Spring aspect call on custom annotation on interface method
Asked Answered
A

3

6

I have this interface:

public interface FakeTemplate {

    @CustomAnnotation
    void foo() {

    }

}

And this implementation of the interface:

@Component
public FakeImpl implements FakeTemplate {

    @Override
    public void foo() {
        //Do Stuff
    }

}

And this aspect:

@Aspect
@Component
public class CustomAspect {

    @Before(value = "@annotation(com.fake.CustomAnnotation)")
    public void doStuffBefore(JoinPoint joinPoint} {

    }

}

I'm using spring with AspectJ enabled using: @EnableAspectJAutoProxy(proxyTargetClass = true)

My issue is that the aspect doStuffBefore method is not being called before the execution of FakeImpl's foo() method. It Does work when I put the @CustomAnnotation on FakeImpl instead of FakeTemplate, but I'd much prefer to put the annotation on FakeTemplate as it's in a separate API package and I've kind of delegated it as the place where I put all my annotations.

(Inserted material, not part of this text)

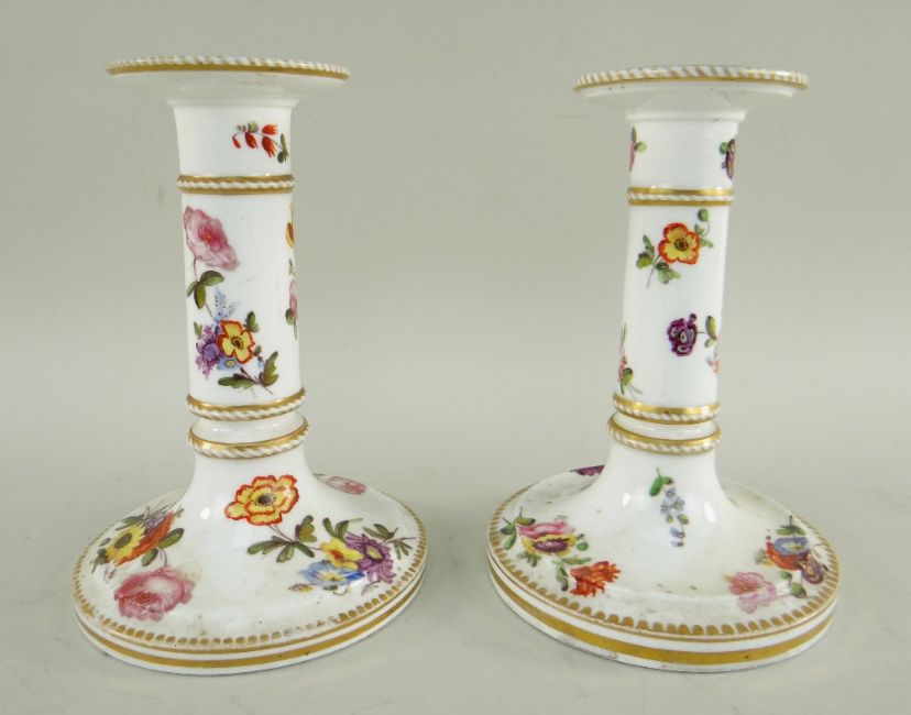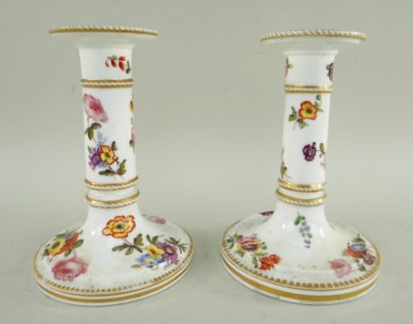 PAIR 19TH CENTURY STAFFORDSHIRE PORCELAIN TABLE CANDLESTICKS, painted with sprays of summer flowers in bright enamels between gilt borders, 15.5cms high (2)

I'd also like to ensure that the CustomAnnotation is called on every class that implements FakeTemplate without remembering to put the annotation on all the implementation classes themselves.

Is there any way to get the advice to be called if the annotation is only on the interface class?

Aqueous answered 17/3, 2016 at 15:54 Comment(2)
Duplicate of this: #2848140Amphetamine
Not really, @RahulSharma , it's definitely similar, but I don't want to have to specify the interface in the aspect. I want to be able to throw the annotation on any interface and have all implementing classes of any interface the annotation is on have that advice run. I don't want to continuously have to add interface specifications to the aspect.Aqueous
G
5

Annotation inheritance doesn't work for methods in java. But you can use other pointcut expression, something like execution(public * FakeTemplate+.foo(..))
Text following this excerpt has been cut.